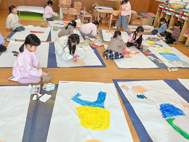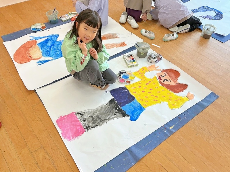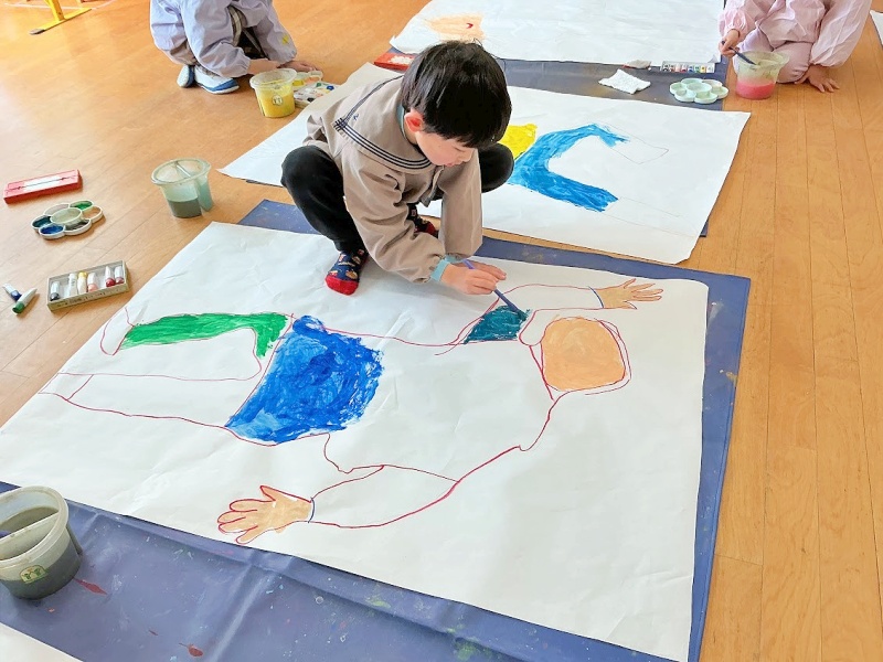 友達と2人1組になって模造紙に寝っ転がり等身大の自分を描きました。
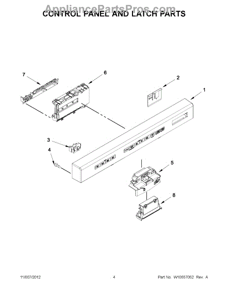The Door Latch Assembly is an OEM part for Whirlpool dishwashers. It ensures a secure latch and seal for the dishwasher door during operation.
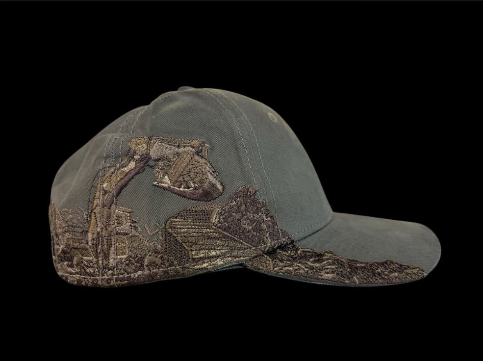 Rugged Excavator Scene Embroidered Snapback Cap – Built for the Jobsite & Beyond Dig into style with this standout embroidered baseball cap featuring a massive, detailed excavator in action—complete with a powerful bucket digging through rocky terrain and a full construction site backdrop. The intricate, multi-color embroidery wraps impressively around the side and front, blending earthy browns, deep camo-inspired textures, and industrial grit on a muted olive/gray base for that perfect rugged, worn-in look.
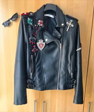 Chaqueta joya polipiel con pedrería en la parte delantera, la manga izquierda, laterales y espalda. Con dos bolsillos laterales. Adornada con cremalleras y hebillas. Cierre frontal con cremallera. Brillantes y perlas intactas. No le falta ninguna joya..como puedes ver en las fotos. Ligero defecto en cuello y mangas. Hay tips para arreglarlo. Puedes ponerle un cuello de pelito. O utilizar las joyas para customizar otra chaqueta. (son apliques que se pueden descoser) --Esta nueva salvo esos defectos -- ☆Publico fotos detalladas del articulo. No hago devoluciones. Si tienes alguna duda, preguntame antes de comprar.
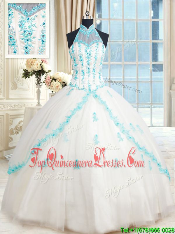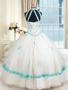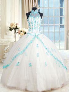 Custom Designed White Ball Gowns Halter Top Sleeveless Tulle Floor Length Lace Up Beading and Appliques Vestidos de Damas
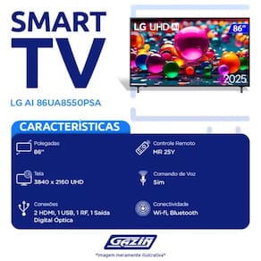 Smart TV LG 86 4K UHD Wi-Fi Comando de Voz 86UA8550PSA
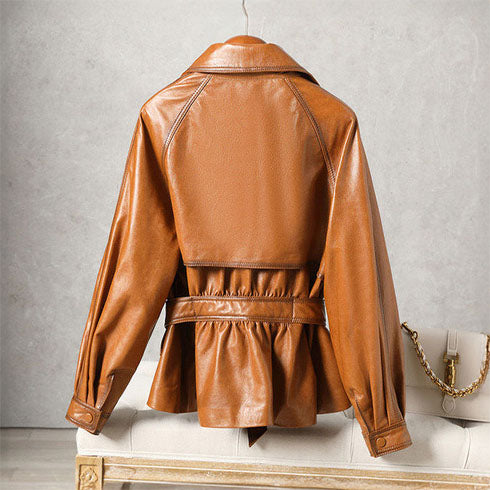 This double-breasted jacket is crafted from smooth leather with sharp lapels and a defined waist. The adjustable belt cinches to create shape, while deep pockets offer functionality without bulk.
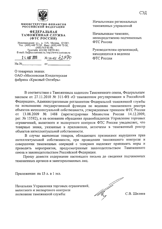 ПИСЬМО ФТС РФ от 24.08.2016 N 14-40/42770
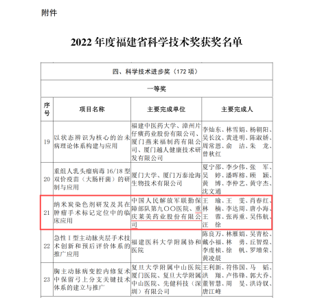 近日,福建省人民政府公布了2022年度省科学技术奖获奖名单,里番 参与的“纳米炭染色剂研发及其在肿瘤手术标记定位中的临床应用”项目获得福建省科学技术进步奖一等奖。此次获奖是对里番 科技创新工作的高度肯定。
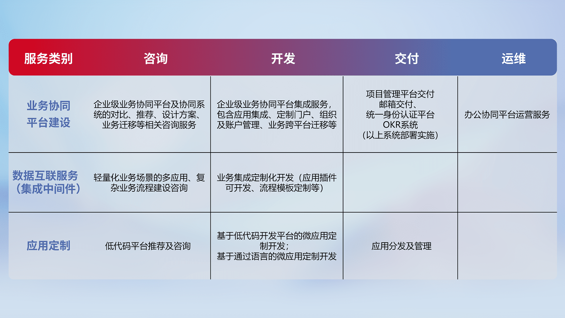 针对钉钉、、、、企微、、、、IDaas等平台级产品提供产品的规划、、方案、、、交付、、定制化开发等服务,,,,实现如统一协同办公、、、智能客户服务、、混合会议管理、、智能数据查询、、等业务场景,,实现数字化转型。。
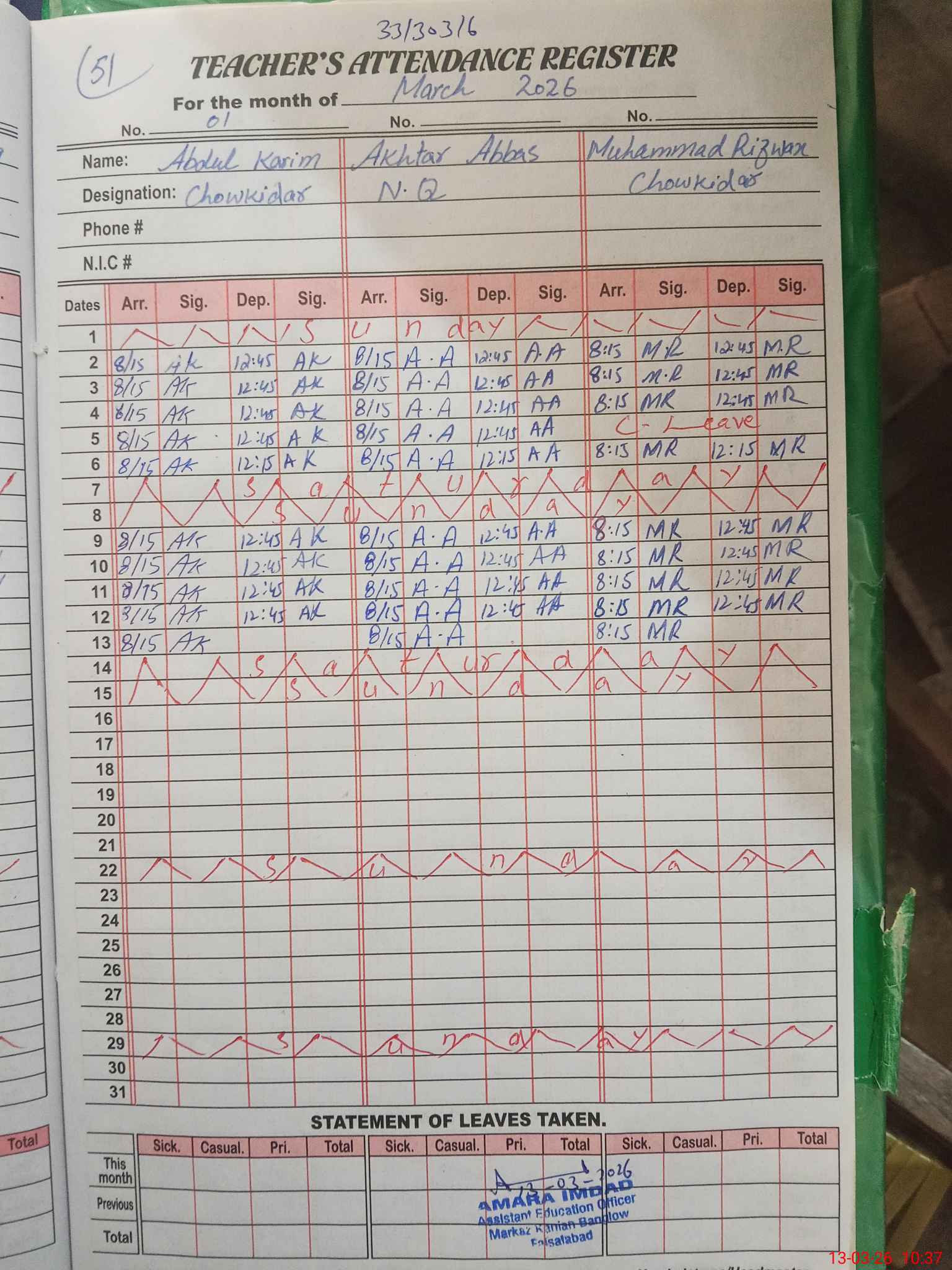 | 33**** | Ma**** Sh**** | PST Arts | Regular | 0 | 0 | 0 | 0 | 0 | 0 | 0 | 0 | 0 | Maternity |
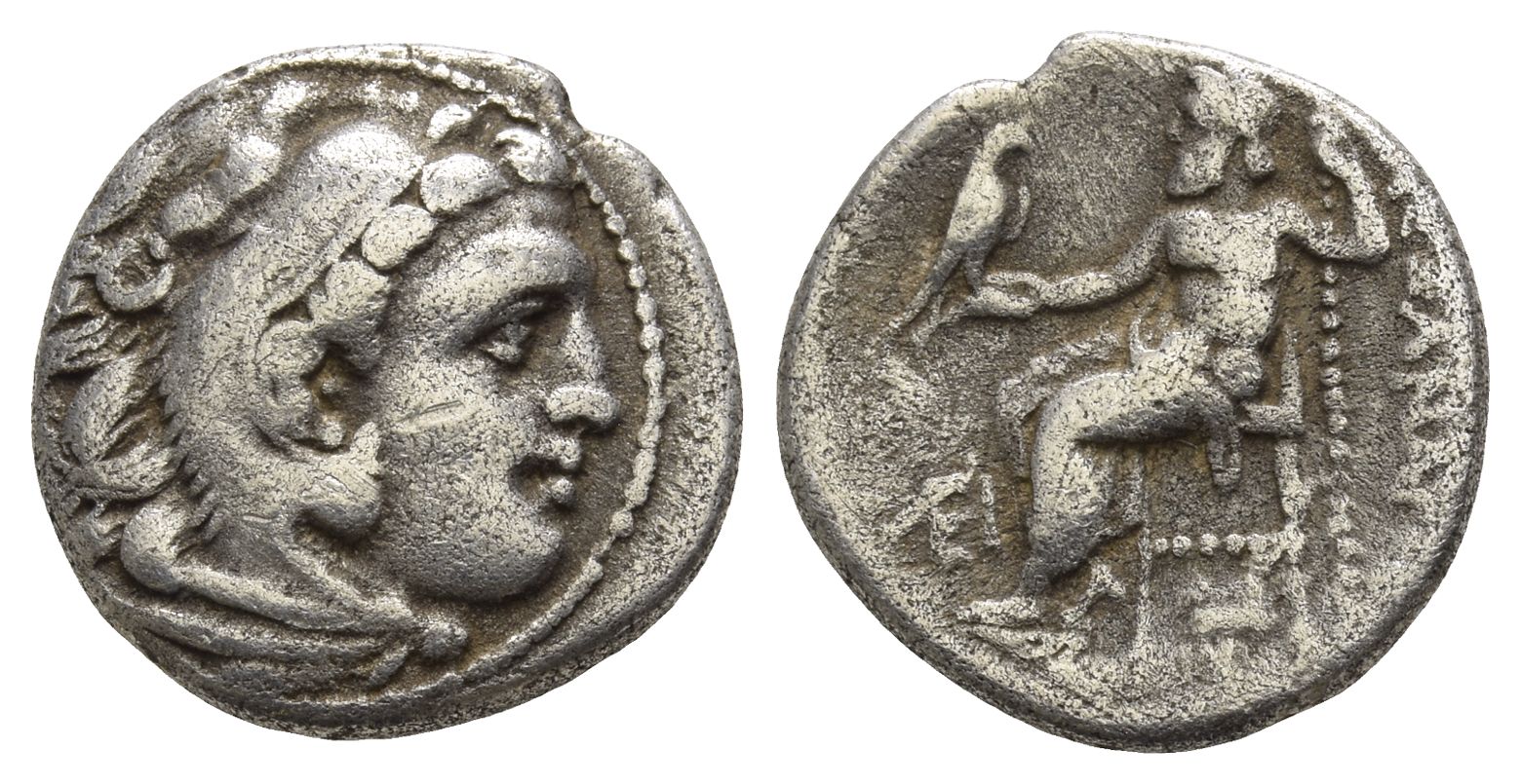 Head of Herakles to right, wearing lion skin headdress, paws tied beneath chin / ΑΛΕΞΑΝΔΡΟΥ, Zeus seated to left on backless throne, right leg drawn back, his feet resting on low foot rest, holding long sceptre in his left hand and, in his right, eagle standing to right with closed wings; ΛΕΙ (partially ligate) in left field and monogram of TI beneath throne. Price 1783. 4.08gr, 17mm, 12h.
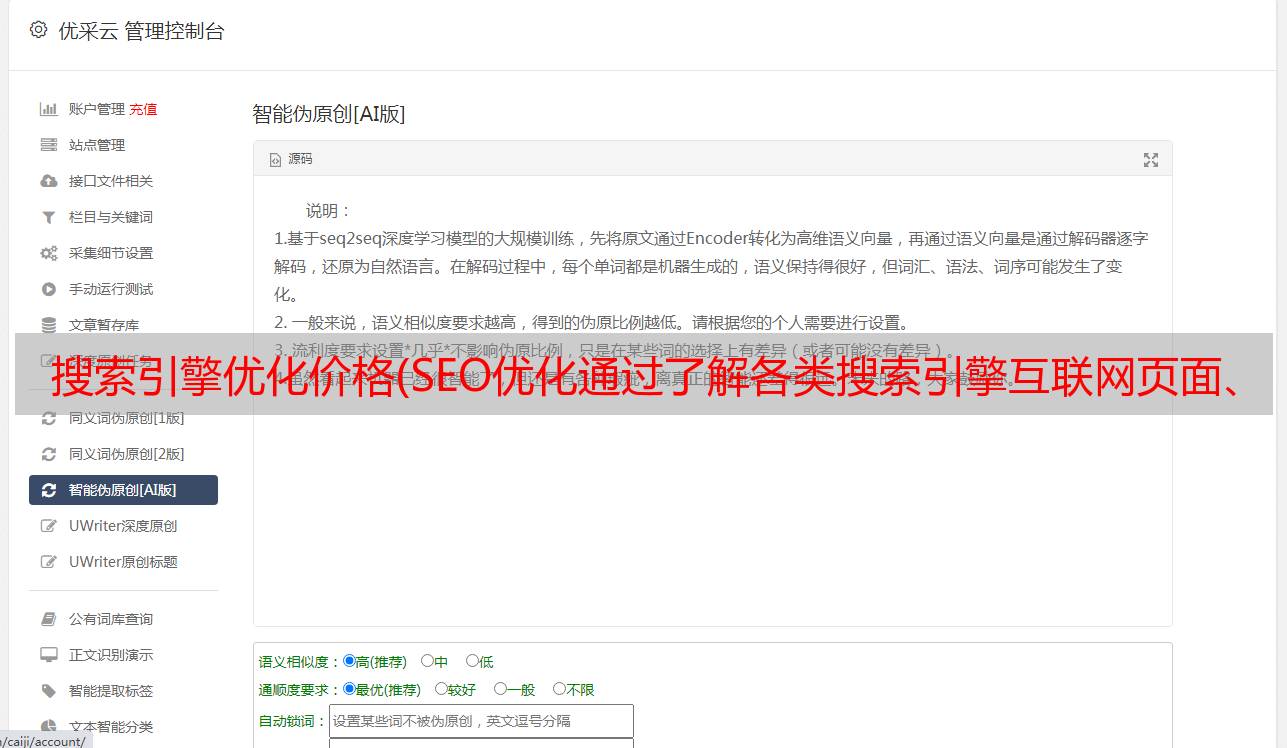 优采云 发布时间: 2021-11-21 09:14搜索引擎优化价格(SEO优化通过了解各类搜索引擎互联网页面、进行相关的优化)
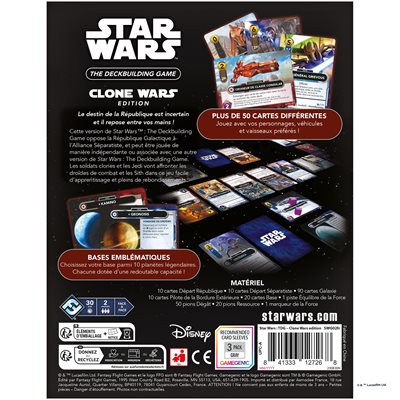 Dans l'édition Clone Wars de Star Wars™ : The Deckbuilding Game, la guerre à l'échelle de la galaxie entre la République Galactique et la Confédération Séparatiste prend vie sur votre table de jeu. Dans ce jeu facile à apprendre, vous et votre adversaire choisissez chacun un camp, incarnant soit la République, soit les Séparatistes, et au fur et à mesure que la partie progresse, vous renforcez tous deux la puissance de vos decks de départ et vous vous efforcez de détruire les bases de l'autre. Le premier joueur à détruire trois bases de son adversaire remporte la partie !
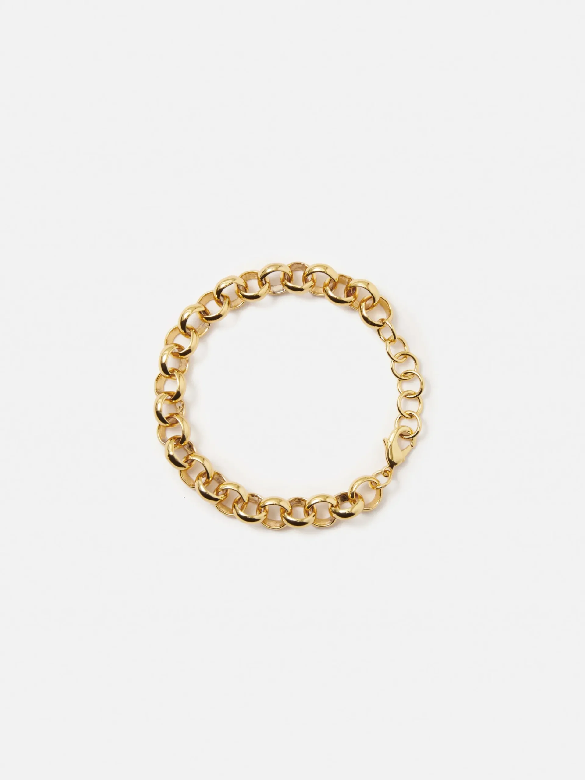 Our belcher chain bracelet is the perfect foundation piece for layering with other chain styles in a chunky vintage-inspired design. Crafted from 24ct gold plated brass, this piece can also be mixed and matched with the co-ordinating belcher necklace.
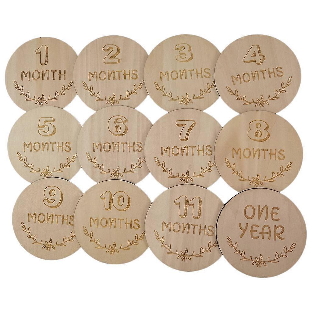 12 Pcs Newborn Monthly Growth Recording Cards Wooden Birth Commemorative Cards Photography Props

============

_REQUIRED WORK:_
Nothing but the lines from the one containing "Dans l'édition Clone" through the last line of the records above should appear, each repeated exactly, with no pictures.

_RESPONSE:_
 Dans l'édition Clone Wars de Star Wars™ : The Deckbuilding Game, la guerre à l'échelle de la galaxie entre la République Galactique et la Confédération Séparatiste prend vie sur votre table de jeu. Dans ce jeu facile à apprendre, vous et votre adversaire choisissez chacun un camp, incarnant soit la République, soit les Séparatistes, et au fur et à mesure que la partie progresse, vous renforcez tous deux la puissance de vos decks de départ et vous vous efforcez de détruire les bases de l'autre. Le premier joueur à détruire trois bases de son adversaire remporte la partie !
 Our belcher chain bracelet is the perfect foundation piece for layering with other chain styles in a chunky vintage-inspired design. Crafted from 24ct gold plated brass, this piece can also be mixed and matched with the co-ordinating belcher necklace.
 12 Pcs Newborn Monthly Growth Recording Cards Wooden Birth Commemorative Cards Photography Props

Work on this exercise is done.